Simulation of oxygen transport and utilization processes in skeletal muscle to a step response from a steady state warm-up condition during very heavy exercise (corresponding to Fig. 2). Rate of convective transport through the capillary bed $Q_m(C_{\text{art}}^{\mathrm{T}}-C_{\text{cap}}^{\mathrm{T}})$. Rate of transport from capillary blood into tissue cells ${\text{PS}}_{\text{cap}}(C_{\text{cap}}^F-C_{\text{tis}}^F)$. Rate of utilization by tissue cells UO_2m

Discussion

A mathematical model was developed to describe the dynamics of oxygen transport and utilization in contracting skeletal muscle at various exercise intensities. With this model, we quantified the dynamic relationships between model-simulated muscle oxygen consumption and measured pulmonary oxygen uptake during moderate, heavy, and very heavy intensity exercise. During the transition from warm-up to exercise, we quantified the significant differences in the time profiles of pulmonary oxygen uptake and muscle oxygen consumption. The main finding of this work was that for the same individual and at a given work rate, the muscle oxygen consumption dynamic response—derived from measurements of muscle oxygenation using NIRS—was always significantly faster than that of pulmonary oxygen uptake.

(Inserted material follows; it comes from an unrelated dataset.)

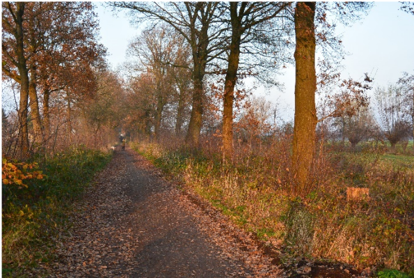
Prinsenlaantje, november 2019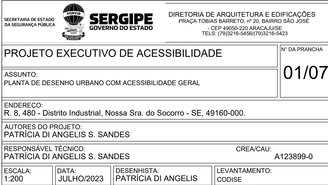
01 PLANTA DE ACESSIBILIDADE ESC.: 1:200

Pulmonary and muscle oxygen dynamics

The tissue oxygenation dynamic response to exercise showed a rapid drop in StO_2m indicating a greater rate of oxygen consumption than that of oxygen delivery at the onset of exercise. The simulated dynamic changes in muscle oxygen saturation closely matched those from experimental data (Fig. 2a). Model results (Fig. 5) described the dynamic interplay of oxygen delivery (convective and permeation) and oxygen utilization in skeletal muscle during exercise demonstrating differences in the kinetic responses of estimated UO_2m and measured VO_2p (Fig. 2b). As a consequence, significance differences were found between their corresponding response times, τ_VO2p and τ_UO2m, at each exercise intensity (Fig. 3).

The values of τ_VO2p are large compared to those in the literature because of the method for calculating VO_2p. This volume rate of pulmonary oxygen uptake at the mouth differs from the volume exchange rate at the alveolar-capillary level. To provide a more precise dynamic description related to the alveolar gas exchange, a different algorithm could be used (Capelli et al. 2001; Cautero et al. 2005). However, even if the response times τ_VO2p were overestimated by 30% (Cautero et al. 2003), the differences of the dynamic responses among VO_2p, VO_2m and UO_2m during exercise would still be significant.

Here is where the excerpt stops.